*** AVAILABLE DATA

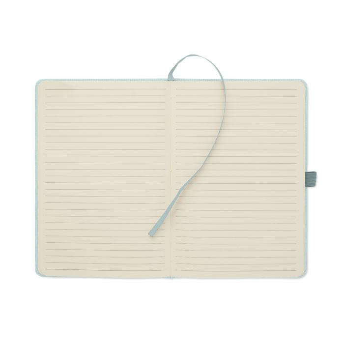 Carnet A5 avec couverture rigide en velours côtelé de polyester RPET (recyclé). Contient 192 pages lignées en papier recyclé (70 gr/m2). Reliure élastique, passant stylo, marque-page et étiquette en papier kraft.
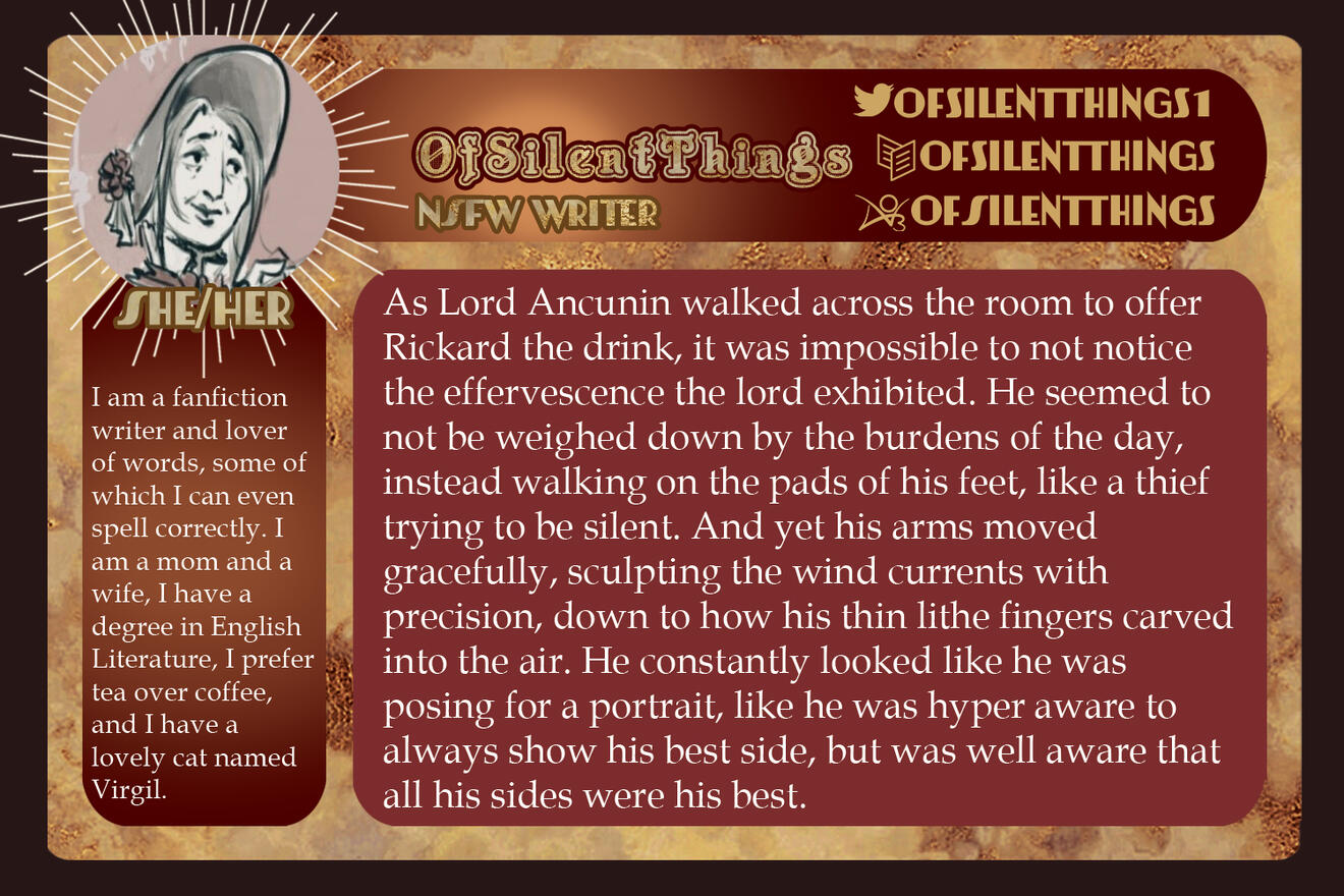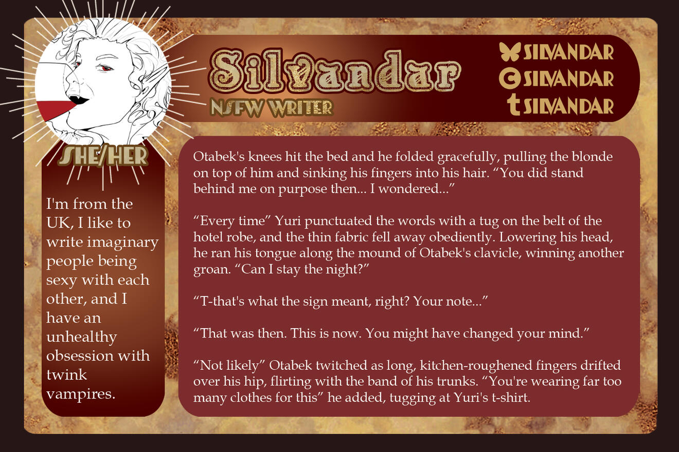 NSFW samples are accepted but those containing sensitive content such as non-con, dub-con, blood, gore, etc, must be tagged accordingly. If you have any questions as to what could be considered a trigger, please reach out to the head mod or use our Retrospring to inquire. (It is always good practice to have a separate section in your portfolio for NSFW content to keep it divided.)
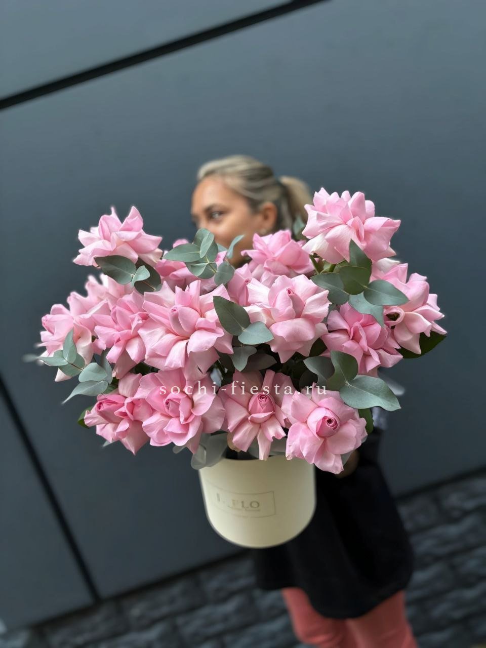 Плотная сборка с открытыми бутонами роз и воздушными соцветиями гортензии создаёт многослойную композицию. Белые каллы и маттиола добавляют вертикальные линии, а эвкалипт смягчает переходы между крупными формами.
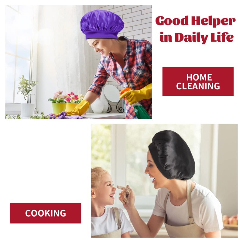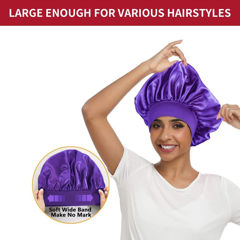 - Extra Large & Cute for All Hairstyles: The size of the satin hair bonnet is about 12.6''/32 cm. Great for holding dreadlocks, braids, curly hair, natural hair, waves, long, tangled, perms, rollers, afros, buns, short, and up-dos. Keeping your various hairstyles when sleeping.
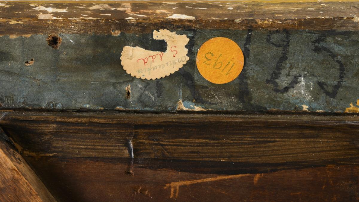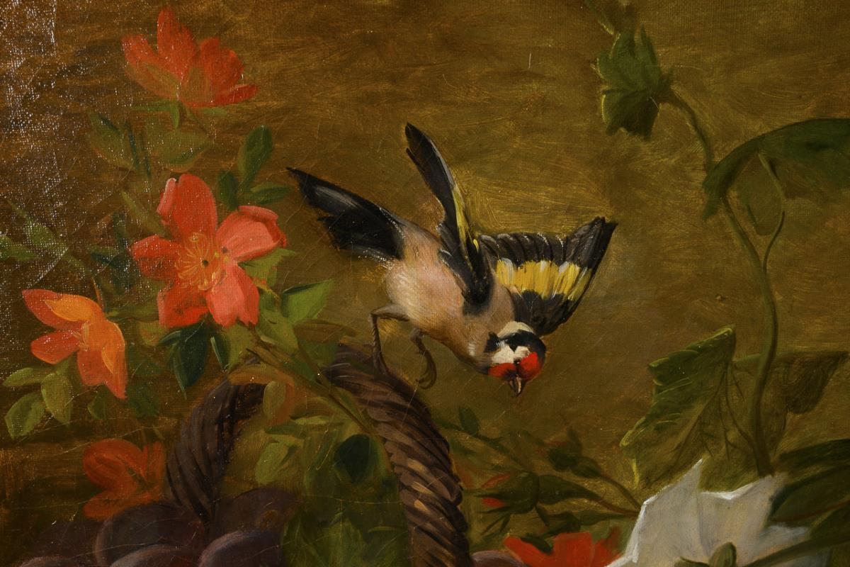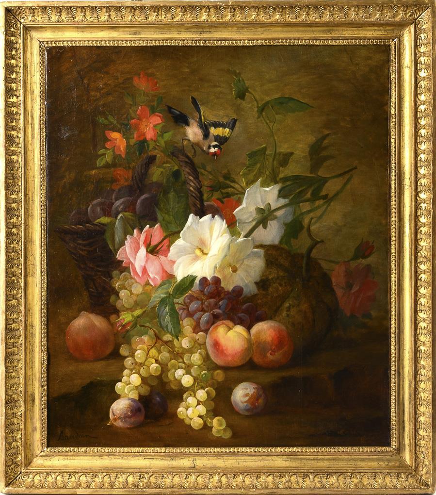 Harvest still life with grapes, peaches and plums next to flowers and a pumpkin as well as a goldfinch. Wax-doubled canvas.
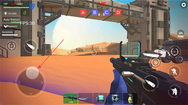 1、进入游戏,通过屏幕左下方虚拟摇杆控制角色移动,熟悉战场环境。
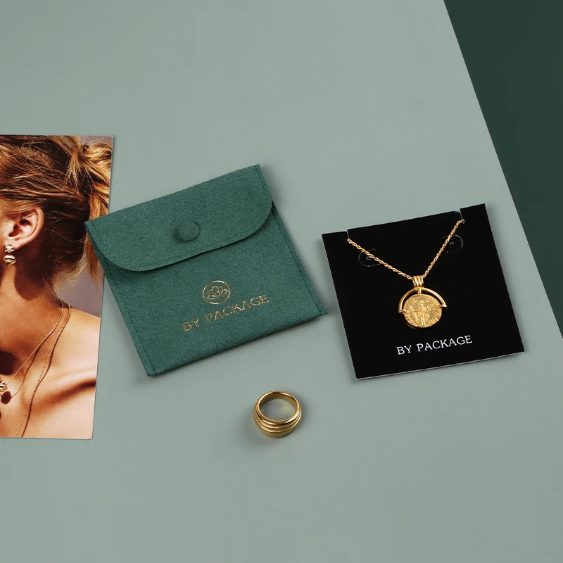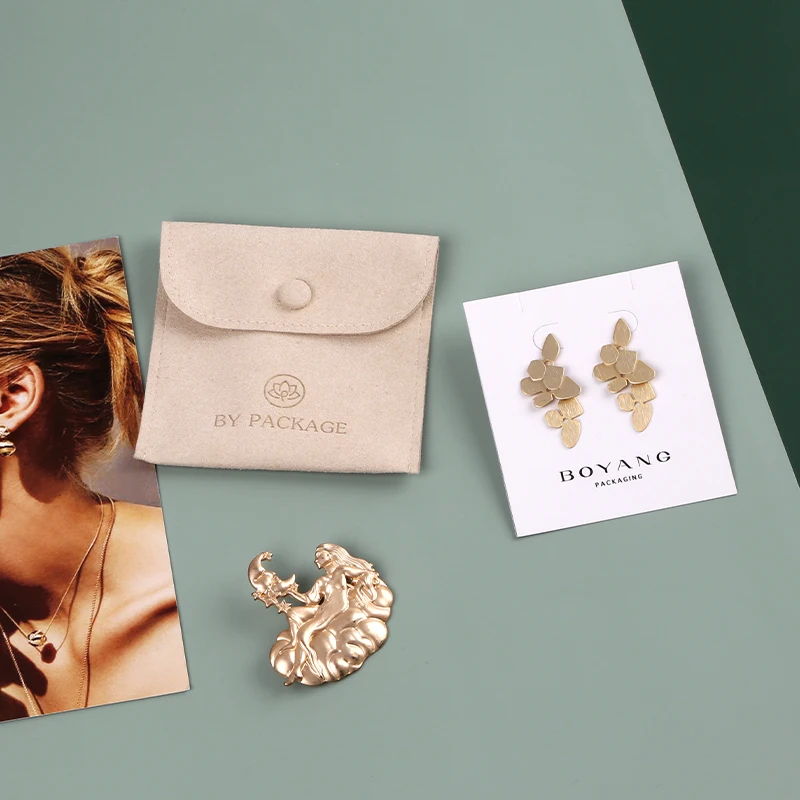 Boyang Custom Logo Jewellery Package Microfiber Snap Button Pouch Bags Jewelry Earrings Necklace Pouch Gift Bag with Insert Card
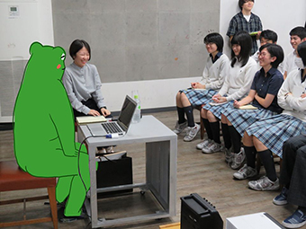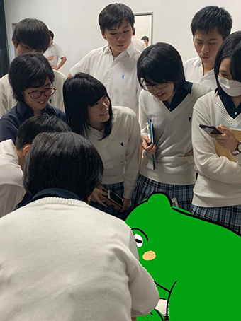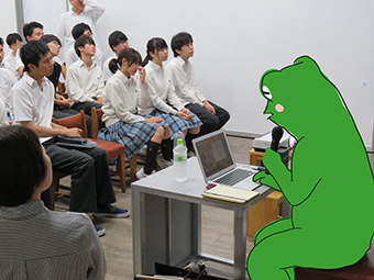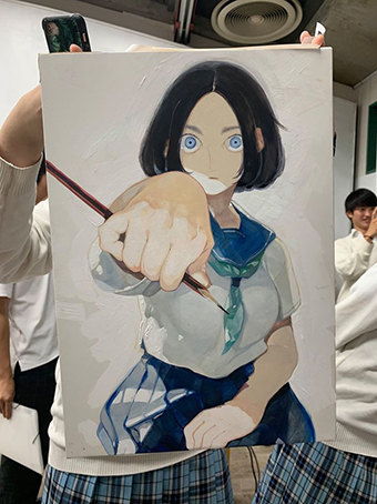 11月に発売された「ブルーピリオド6巻」表紙の生原稿を講演会当日に持って来ていただいていましたが、講演会実施日が6巻の発売前だったこともあり、公開できなかった写真がありました。また、山口つばさ先生は顔出しが出来ないため、写真に直筆イラストを入れて頂き、公開させて頂くことになりました。カエルイラストが山口先生の直筆です。かわいいですね。

******

TASK ITEM
Pictures do not belong in the answer. Return the lines above starting at the one with "Плотная сборка с" and ending at the one with "1、进入游戏,通过屏幕左下方虚拟摇杆控制角色移动,熟悉战场环境。", both kept, exactly.

ANSWER TO THIS TASK
 Плотная сборка с открытыми бутонами роз и воздушными соцветиями гортензии создаёт многослойную композицию. Белые каллы и маттиола добавляют вертикальные линии, а эвкалипт смягчает переходы между крупными формами.
 - Extra Large & Cute for All Hairstyles: The size of the satin hair bonnet is about 12.6''/32 cm. Great for holding dreadlocks, braids, curly hair, natural hair, waves, long, tangled, perms, rollers, afros, buns, short, and up-dos. Keeping your various hairstyles when sleeping.
 Harvest still life with grapes, peaches and plums next to flowers and a pumpkin as well as a goldfinch. Wax-doubled canvas.
 1、进入游戏,通过屏幕左下方虚拟摇杆控制角色移动,熟悉战场环境。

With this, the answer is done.